# What is required:
Retype every line from the start of the data down to and including the line with "These CZ leaf design toe rings feature". Skip the pictures.

Entries taken from a collection:
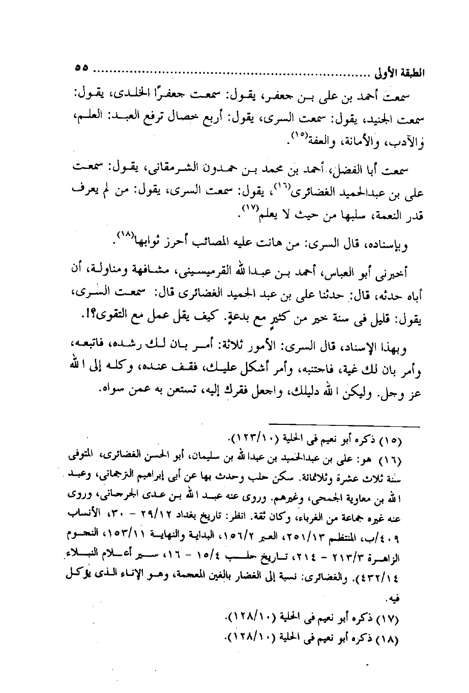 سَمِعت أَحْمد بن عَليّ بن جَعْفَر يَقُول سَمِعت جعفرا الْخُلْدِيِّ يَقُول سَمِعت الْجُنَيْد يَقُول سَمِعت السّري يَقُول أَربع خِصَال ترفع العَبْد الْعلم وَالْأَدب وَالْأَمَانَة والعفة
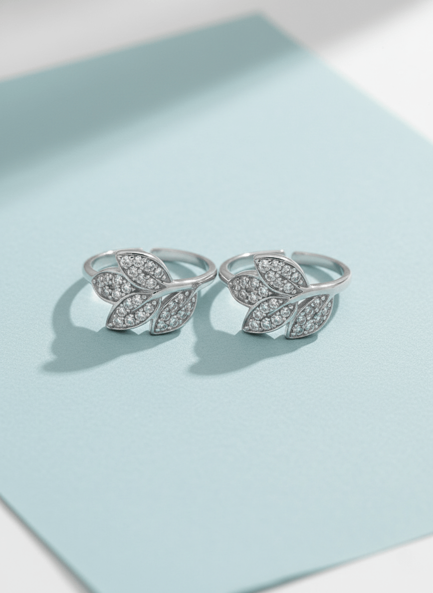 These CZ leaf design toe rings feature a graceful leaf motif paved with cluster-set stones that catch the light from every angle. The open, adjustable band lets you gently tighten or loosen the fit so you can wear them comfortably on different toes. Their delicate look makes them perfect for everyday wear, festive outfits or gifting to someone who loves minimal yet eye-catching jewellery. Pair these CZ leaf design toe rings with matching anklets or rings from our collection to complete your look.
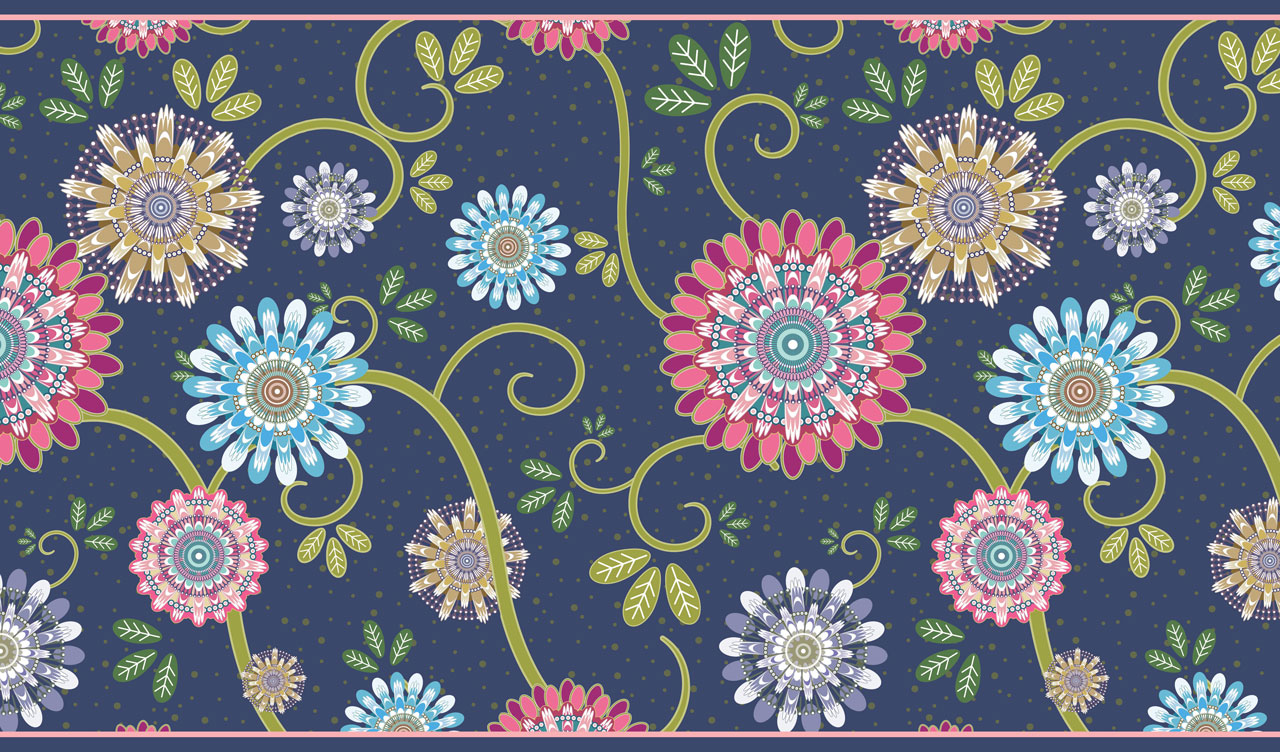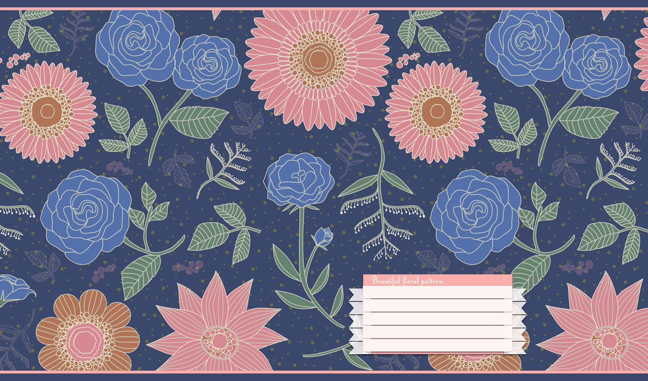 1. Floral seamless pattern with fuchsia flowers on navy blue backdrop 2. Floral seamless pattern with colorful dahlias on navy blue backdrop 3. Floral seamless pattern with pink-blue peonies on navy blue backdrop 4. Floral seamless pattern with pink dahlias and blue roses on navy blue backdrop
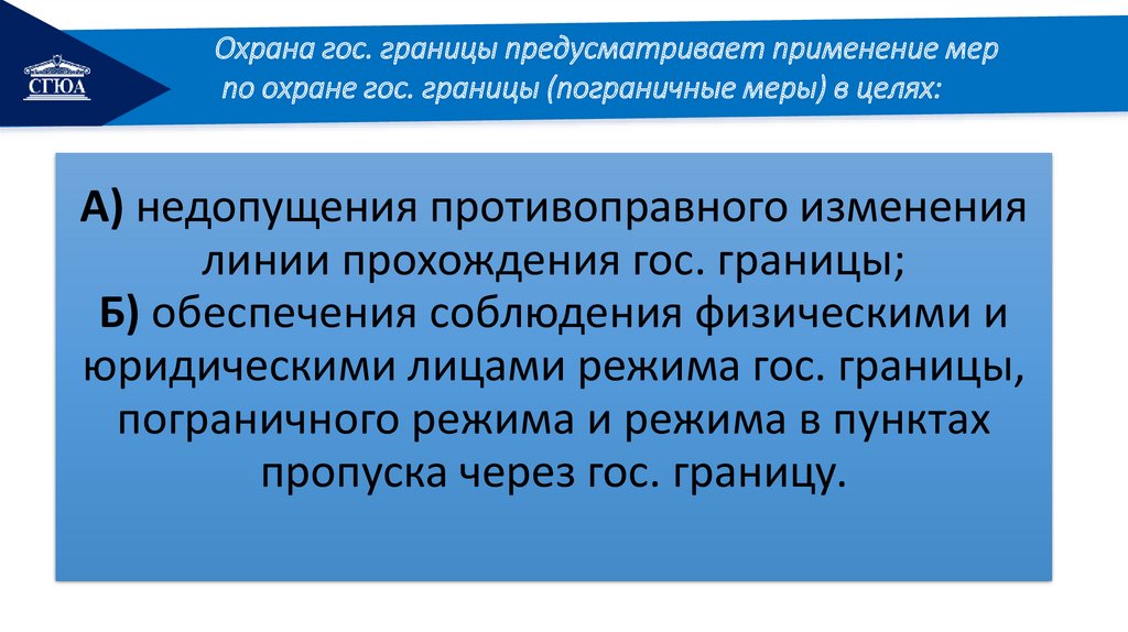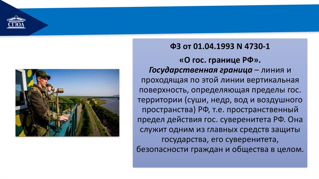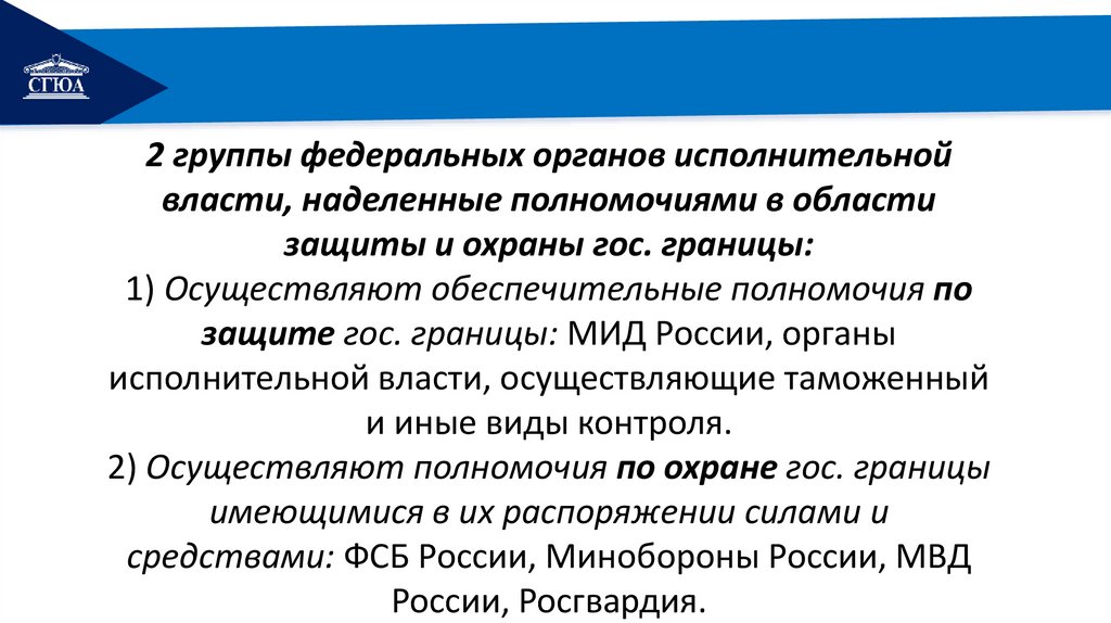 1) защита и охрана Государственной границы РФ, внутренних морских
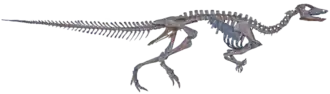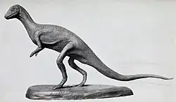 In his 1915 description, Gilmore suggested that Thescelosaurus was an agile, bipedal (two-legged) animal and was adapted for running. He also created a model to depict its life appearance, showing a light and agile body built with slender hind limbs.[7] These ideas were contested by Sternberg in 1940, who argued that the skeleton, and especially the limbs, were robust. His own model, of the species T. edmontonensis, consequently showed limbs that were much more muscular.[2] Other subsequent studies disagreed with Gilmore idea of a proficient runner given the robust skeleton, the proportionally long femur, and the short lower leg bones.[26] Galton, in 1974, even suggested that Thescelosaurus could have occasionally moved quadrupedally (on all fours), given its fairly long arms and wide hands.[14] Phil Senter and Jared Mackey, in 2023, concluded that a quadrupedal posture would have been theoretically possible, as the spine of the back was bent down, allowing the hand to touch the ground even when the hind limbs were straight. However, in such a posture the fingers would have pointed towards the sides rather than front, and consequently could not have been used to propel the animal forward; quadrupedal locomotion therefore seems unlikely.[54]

# Solution:
 سَمِعت أَحْمد بن عَليّ بن جَعْفَر يَقُول سَمِعت جعفرا الْخُلْدِيِّ يَقُول سَمِعت الْجُنَيْد يَقُول سَمِعت السّري يَقُول أَربع خِصَال ترفع العَبْد الْعلم وَالْأَدب وَالْأَمَانَة والعفة
 These CZ leaf design toe rings feature a graceful leaf motif paved with cluster-set stones that catch the light from every angle. The open, adjustable band lets you gently tighten or loosen the fit so you can wear them comfortably on different toes. Their delicate look makes them perfect for everyday wear, festive outfits or gifting to someone who loves minimal yet eye-catching jewellery. Pair these CZ leaf design toe rings with matching anklets or rings from our collection to complete your look.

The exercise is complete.